Problem statement: Pictures stay out of the copy. Retype exactly the lines below from the one with "Girocollo in oro" through the one with "We are excited".
**** Given information
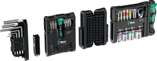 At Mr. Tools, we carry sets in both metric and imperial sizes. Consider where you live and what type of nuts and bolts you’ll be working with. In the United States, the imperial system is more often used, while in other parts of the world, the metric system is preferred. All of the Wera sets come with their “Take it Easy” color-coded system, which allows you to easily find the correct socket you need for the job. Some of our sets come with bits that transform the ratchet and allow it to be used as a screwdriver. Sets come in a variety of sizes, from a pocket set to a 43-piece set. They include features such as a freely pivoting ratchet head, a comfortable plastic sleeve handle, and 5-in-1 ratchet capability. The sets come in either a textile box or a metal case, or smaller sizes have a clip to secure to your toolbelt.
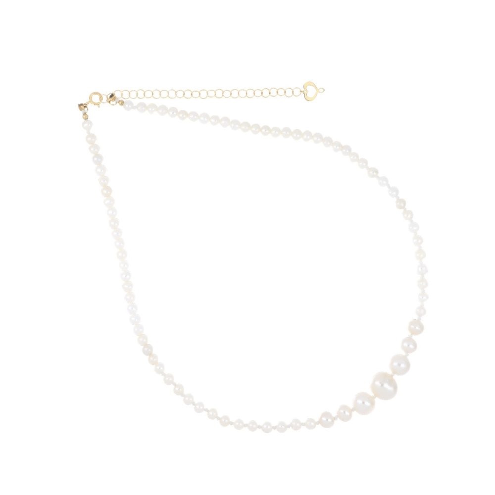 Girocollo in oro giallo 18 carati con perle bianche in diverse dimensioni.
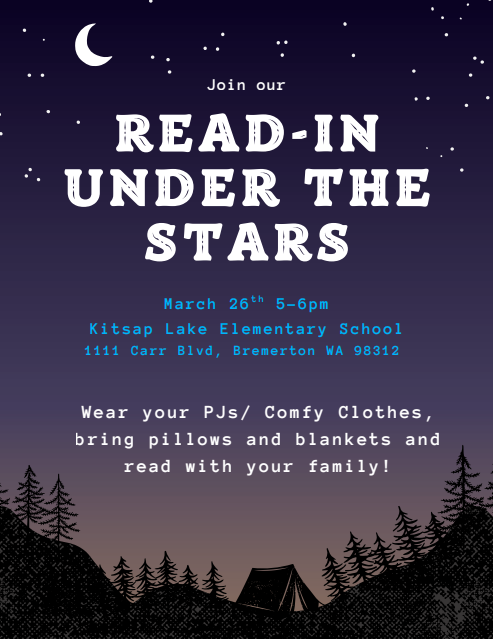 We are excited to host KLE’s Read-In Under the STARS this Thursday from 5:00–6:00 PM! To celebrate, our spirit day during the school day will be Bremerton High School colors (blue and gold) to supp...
********
**** Given information
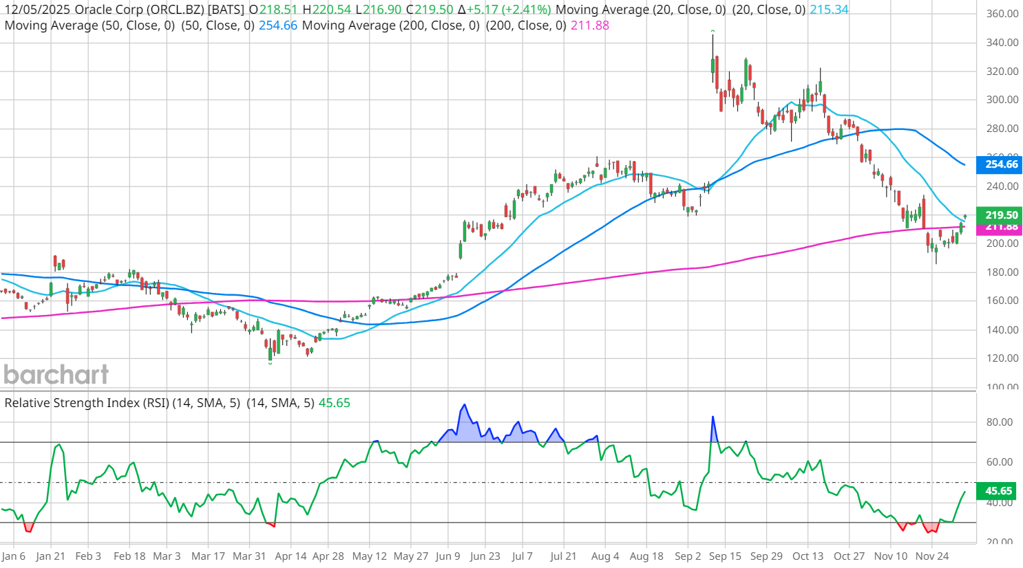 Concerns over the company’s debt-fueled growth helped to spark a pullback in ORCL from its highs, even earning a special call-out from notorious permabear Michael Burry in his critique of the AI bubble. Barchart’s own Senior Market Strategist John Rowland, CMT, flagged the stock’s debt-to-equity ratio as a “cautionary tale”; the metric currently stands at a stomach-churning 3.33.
********
Solution:
 Girocollo in oro giallo 18 carati con perle bianche in diverse dimensioni.
 We are excited to host KLE’s Read-In Under the STARS this Thursday from 5:00–6:00 PM! To celebrate, our spirit day during the school day will be Bremerton High School colors (blue and gold) to supp...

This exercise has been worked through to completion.